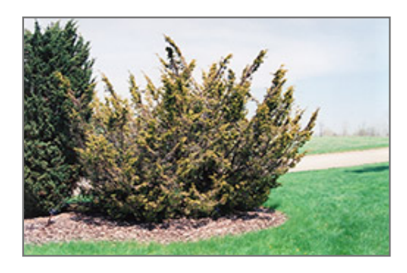
Gold Plume Juniper
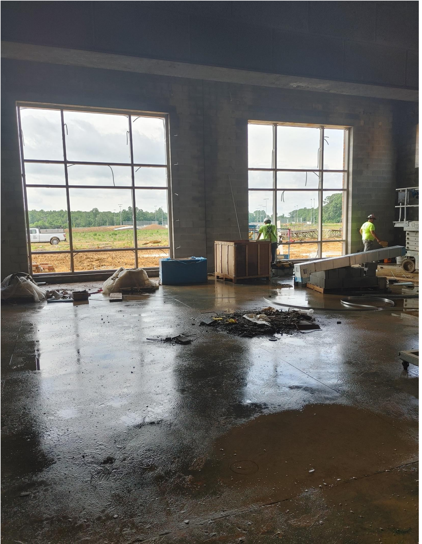
Photo 10 - Storefront frames are being installed in Area D.
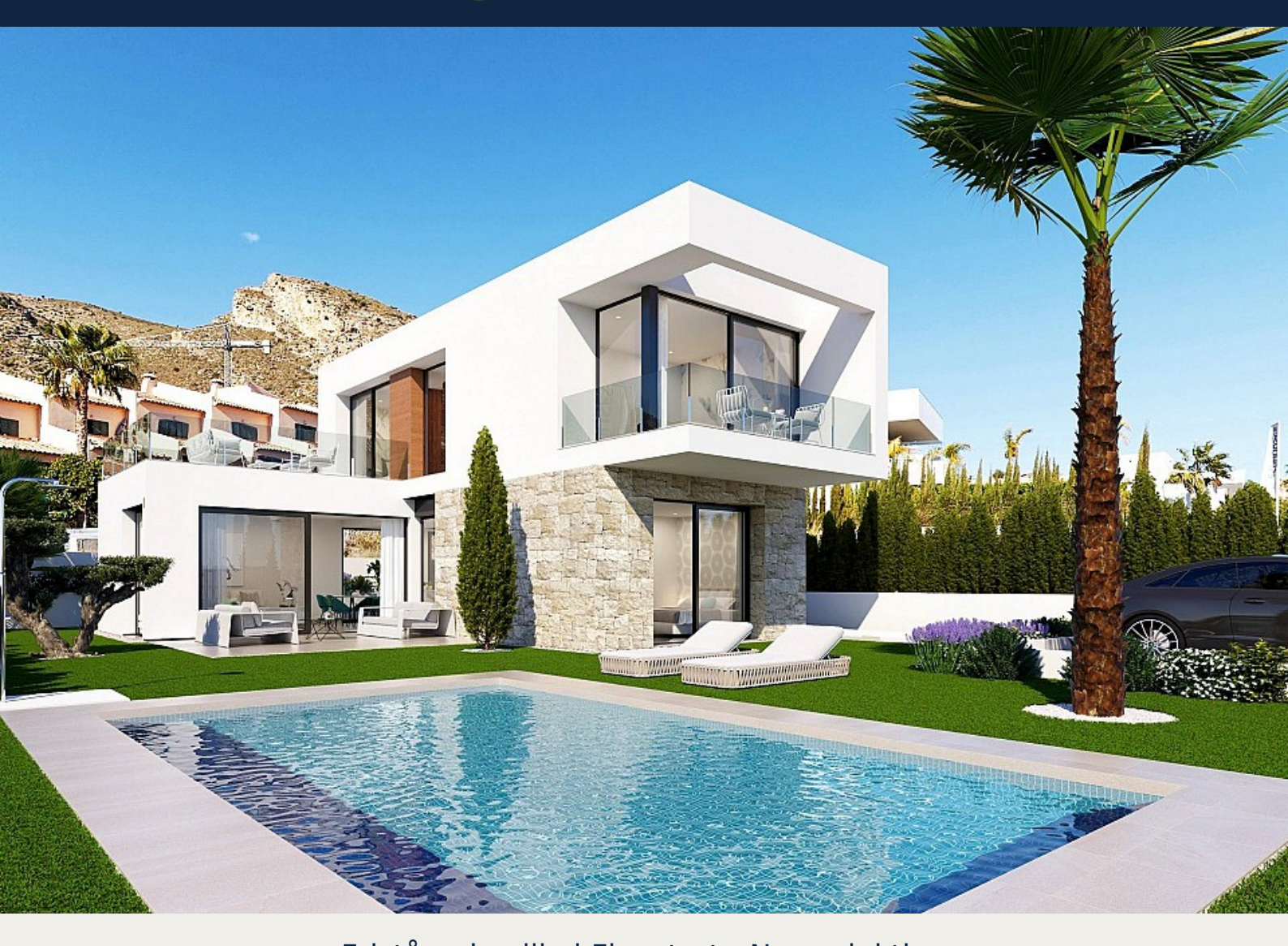
Fristående villa i Finestrat - Nyproduktion

DIRECTIONS FOR THIS TASK — When you retype the listing above, keep each line exactly as written and drop the pictures.

COMPLETED EXERCISE —
Gold Plume Juniper
Photo 10 - Storefront frames are being installed in Area D.
Fristående villa i Finestrat - Nyproduktion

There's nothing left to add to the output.